Exercise in exact copying: restate word for word only the lines below from the one containing "ハロウィン限定ケーキは、この" through the one containing "Condition Notes: Exterior", omitting any pictures.

**RECORDS TO PROCESS:**
* * * *
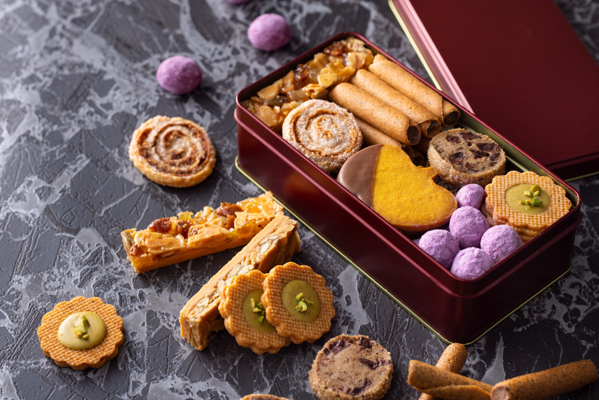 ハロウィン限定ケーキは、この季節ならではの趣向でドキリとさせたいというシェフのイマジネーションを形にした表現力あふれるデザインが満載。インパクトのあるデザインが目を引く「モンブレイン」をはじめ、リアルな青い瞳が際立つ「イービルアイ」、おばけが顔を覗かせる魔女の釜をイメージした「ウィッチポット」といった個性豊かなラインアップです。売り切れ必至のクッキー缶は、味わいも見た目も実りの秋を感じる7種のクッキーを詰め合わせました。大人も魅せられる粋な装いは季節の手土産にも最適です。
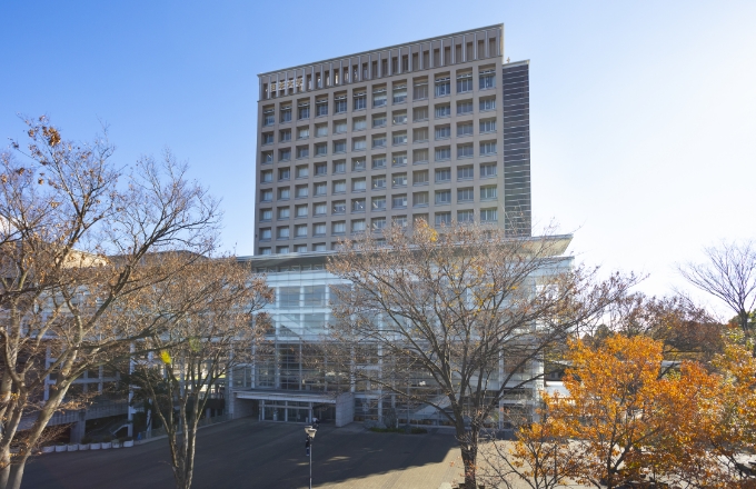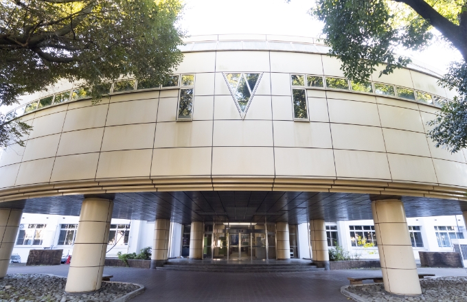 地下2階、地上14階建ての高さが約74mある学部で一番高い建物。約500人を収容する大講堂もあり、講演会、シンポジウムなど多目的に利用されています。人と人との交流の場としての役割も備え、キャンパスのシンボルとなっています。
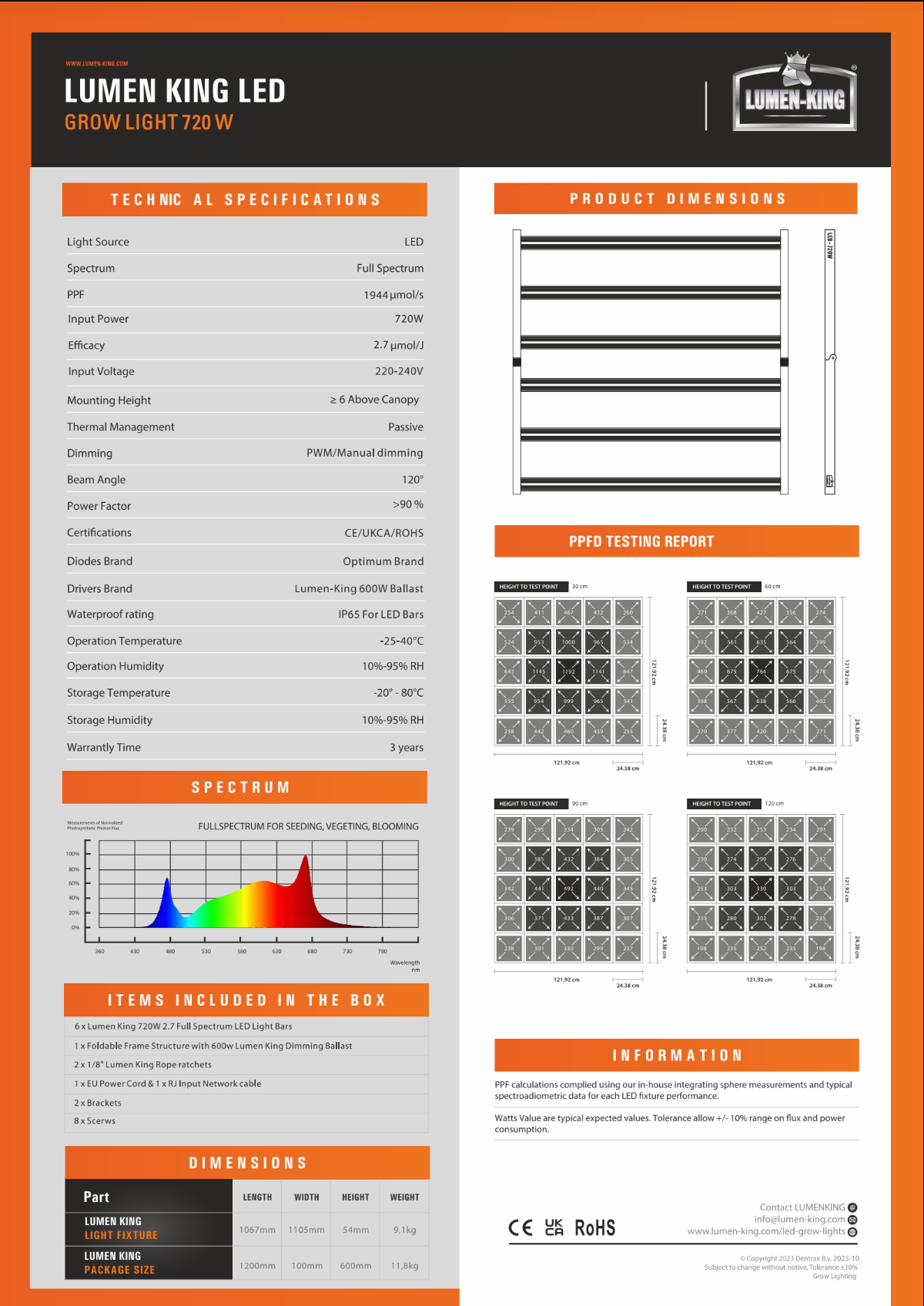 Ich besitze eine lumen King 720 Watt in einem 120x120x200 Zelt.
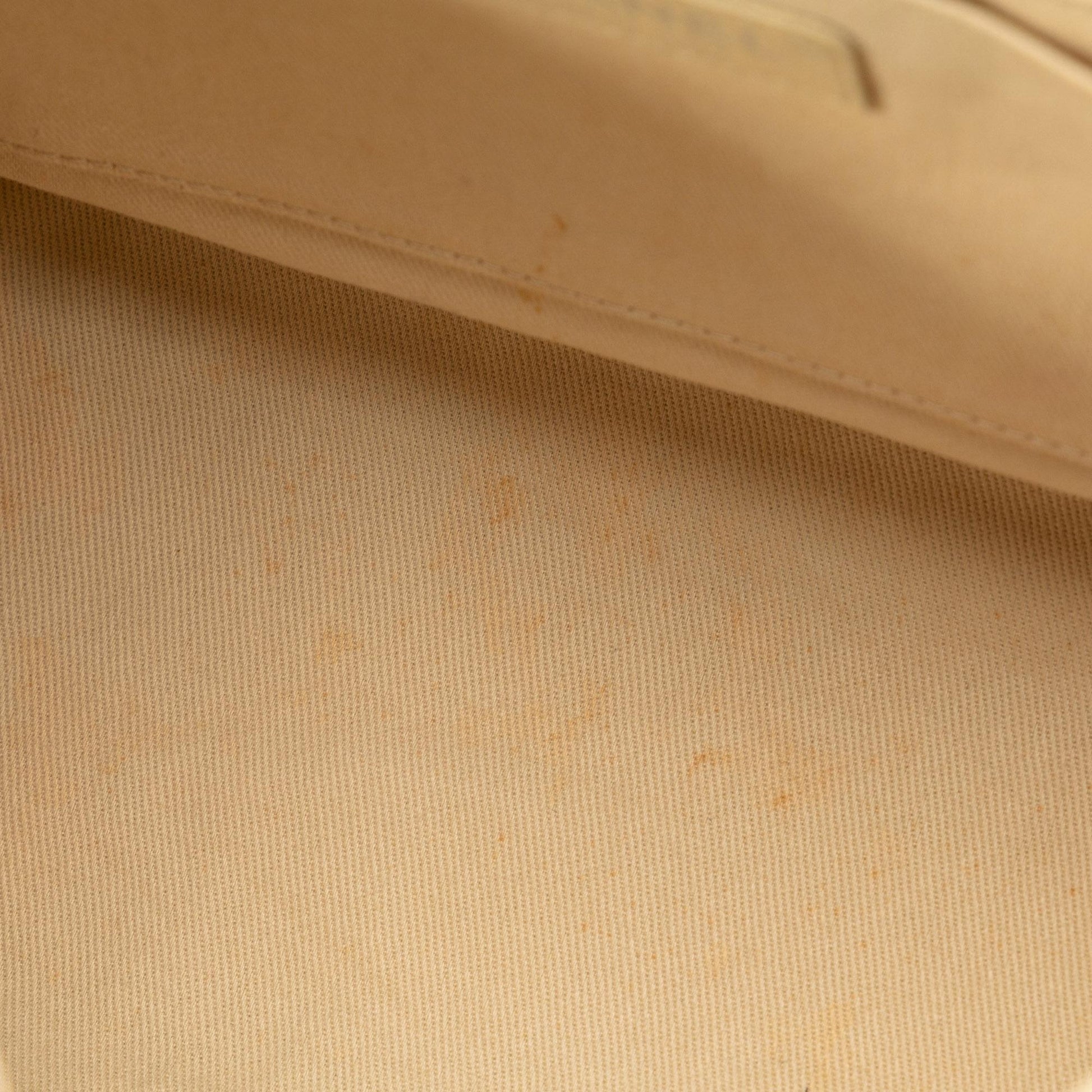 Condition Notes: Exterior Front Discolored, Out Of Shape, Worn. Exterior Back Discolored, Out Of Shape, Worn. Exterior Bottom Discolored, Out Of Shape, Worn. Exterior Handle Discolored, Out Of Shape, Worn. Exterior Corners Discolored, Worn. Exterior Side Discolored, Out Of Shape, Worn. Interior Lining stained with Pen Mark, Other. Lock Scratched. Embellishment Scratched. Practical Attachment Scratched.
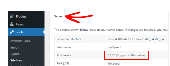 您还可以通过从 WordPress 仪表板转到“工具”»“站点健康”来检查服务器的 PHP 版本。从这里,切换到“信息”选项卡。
* * * *
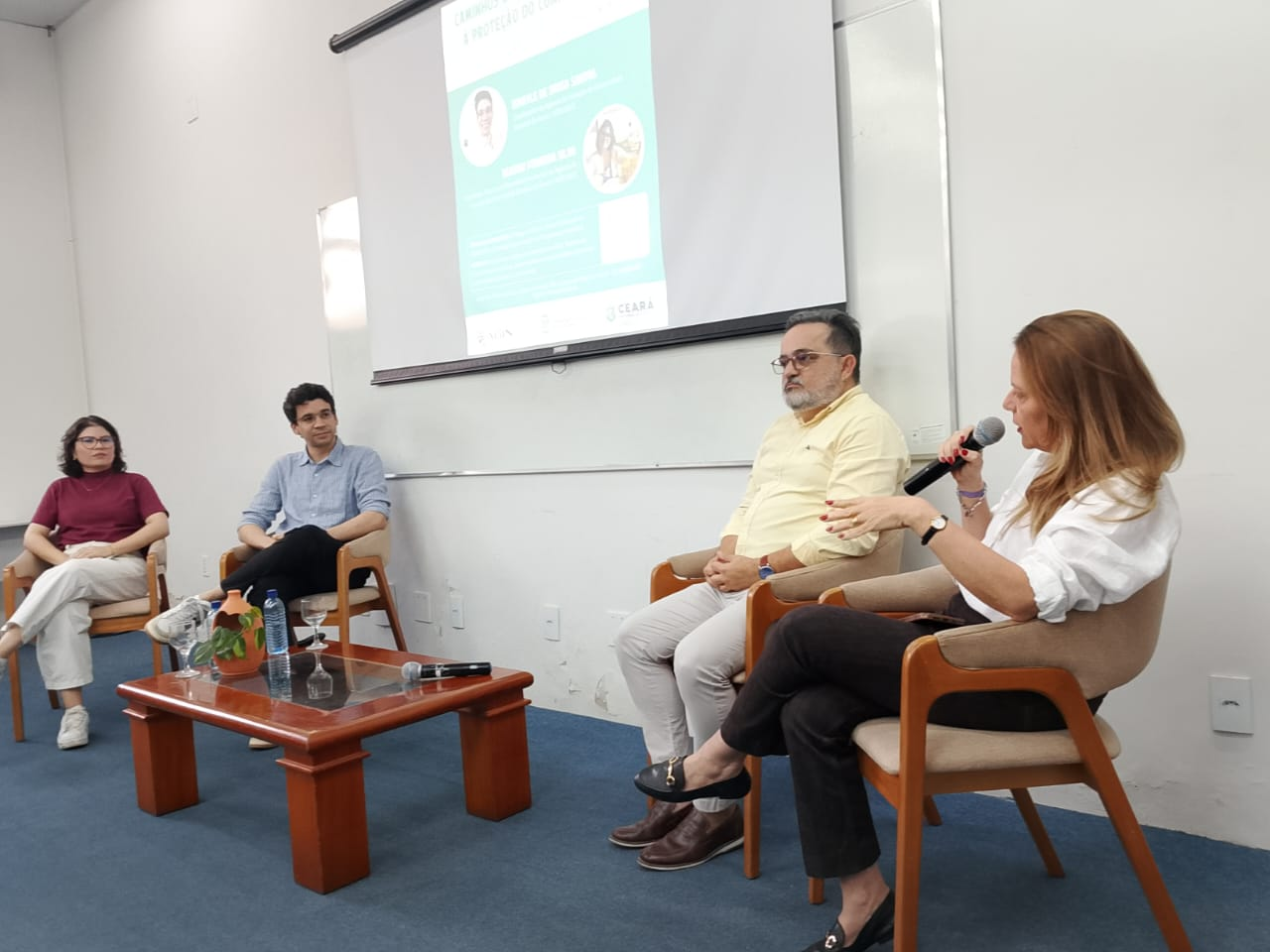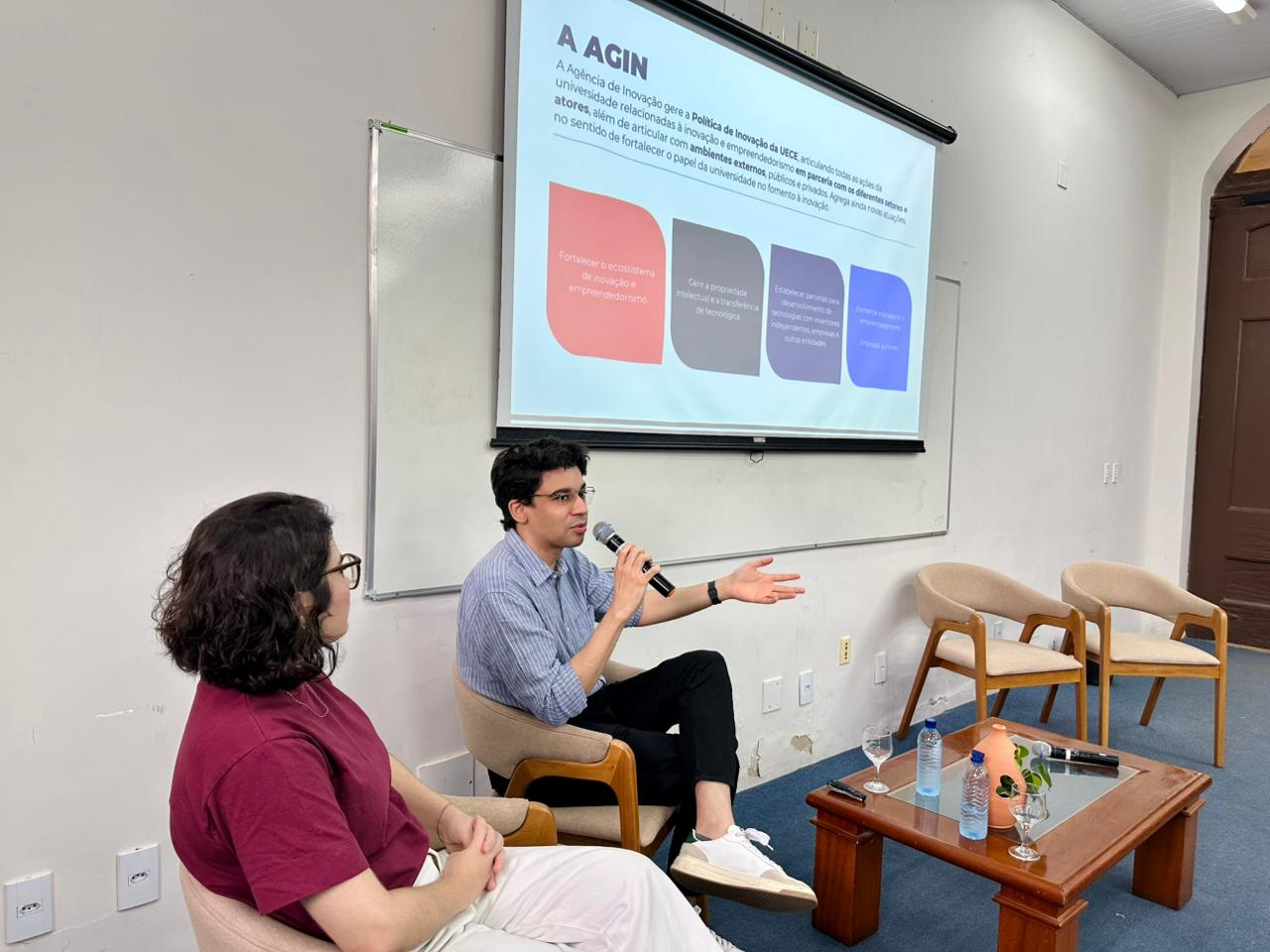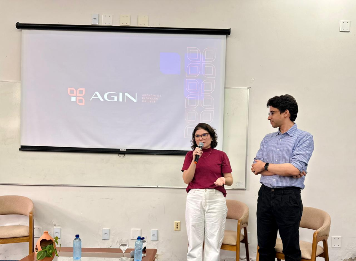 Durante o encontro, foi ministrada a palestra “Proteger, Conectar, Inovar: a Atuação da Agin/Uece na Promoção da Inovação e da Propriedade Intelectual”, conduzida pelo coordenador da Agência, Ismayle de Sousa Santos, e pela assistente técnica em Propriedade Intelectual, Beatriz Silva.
* * * *
**SOLUTION TO THIS TASK:**
 ハロウィン限定ケーキは、この季節ならではの趣向でドキリとさせたいというシェフのイマジネーションを形にした表現力あふれるデザインが満載。インパクトのあるデザインが目を引く「モンブレイン」をはじめ、リアルな青い瞳が際立つ「イービルアイ」、おばけが顔を覗かせる魔女の釜をイメージした「ウィッチポット」といった個性豊かなラインアップです。売り切れ必至のクッキー缶は、味わいも見た目も実りの秋を感じる7種のクッキーを詰め合わせました。大人も魅せられる粋な装いは季節の手土産にも最適です。
 地下2階、地上14階建ての高さが約74mある学部で一番高い建物。約500人を収容する大講堂もあり、講演会、シンポジウムなど多目的に利用されています。人と人との交流の場としての役割も備え、キャンパスのシンボルとなっています。
 Ich besitze eine lumen King 720 Watt in einem 120x120x200 Zelt.
 Condition Notes: Exterior Front Discolored, Out Of Shape, Worn. Exterior Back Discolored, Out Of Shape, Worn. Exterior Bottom Discolored, Out Of Shape, Worn. Exterior Handle Discolored, Out Of Shape, Worn. Exterior Corners Discolored, Worn. Exterior Side Discolored, Out Of Shape, Worn. Interior Lining stained with Pen Mark, Other. Lock Scratched. Embellishment Scratched. Practical Attachment Scratched.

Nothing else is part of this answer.